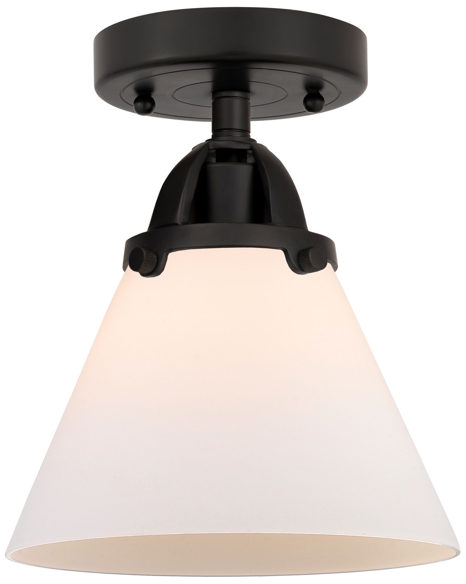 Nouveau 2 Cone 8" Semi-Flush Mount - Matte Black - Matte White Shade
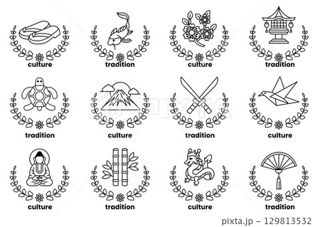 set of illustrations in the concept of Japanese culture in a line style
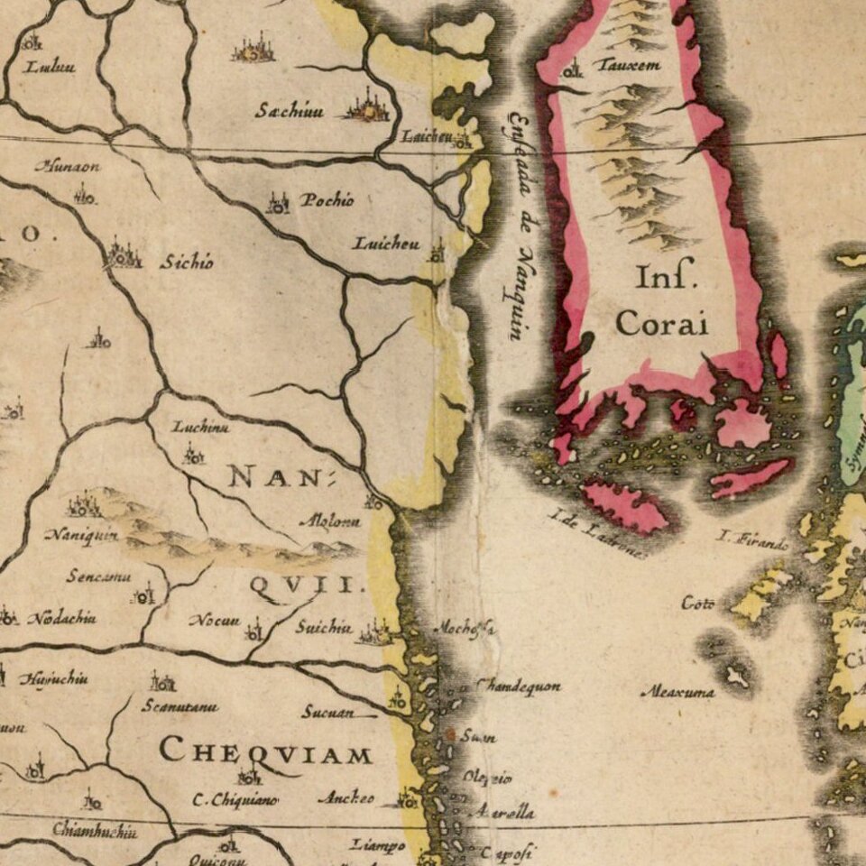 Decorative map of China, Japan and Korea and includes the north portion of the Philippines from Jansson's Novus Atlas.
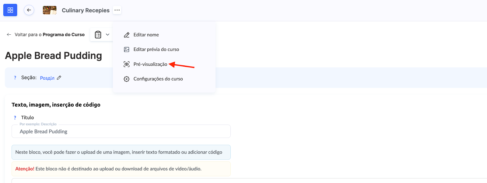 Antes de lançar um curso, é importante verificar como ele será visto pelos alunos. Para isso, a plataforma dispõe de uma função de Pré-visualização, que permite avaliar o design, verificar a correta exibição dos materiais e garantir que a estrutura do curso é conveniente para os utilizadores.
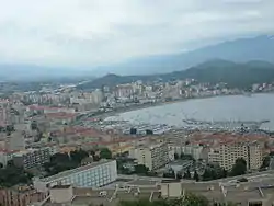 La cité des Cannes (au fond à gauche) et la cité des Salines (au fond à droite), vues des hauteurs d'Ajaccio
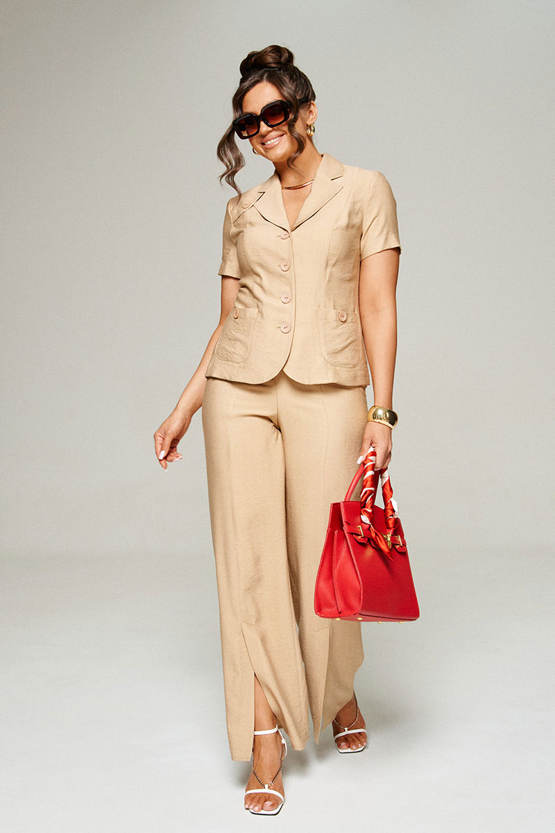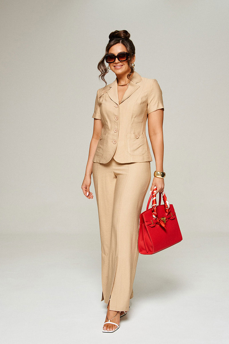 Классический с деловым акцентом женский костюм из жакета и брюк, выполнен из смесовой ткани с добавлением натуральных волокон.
==*==
● What is needed: Working from the records above, reproduce exactly the lines from the one with "Antes de lançar" through the last line, without the pictures.

● Written response:
 Antes de lançar um curso, é importante verificar como ele será visto pelos alunos. Para isso, a plataforma dispõe de uma função de Pré-visualização, que permite avaliar o design, verificar a correta exibição dos materiais e garantir que a estrutura do curso é conveniente para os utilizadores.
 La cité des Cannes (au fond à gauche) et la cité des Salines (au fond à droite), vues des hauteurs d'Ajaccio
 Классический с деловым акцентом женский костюм из жакета и брюк, выполнен из смесовой ткани с добавлением натуральных волокон.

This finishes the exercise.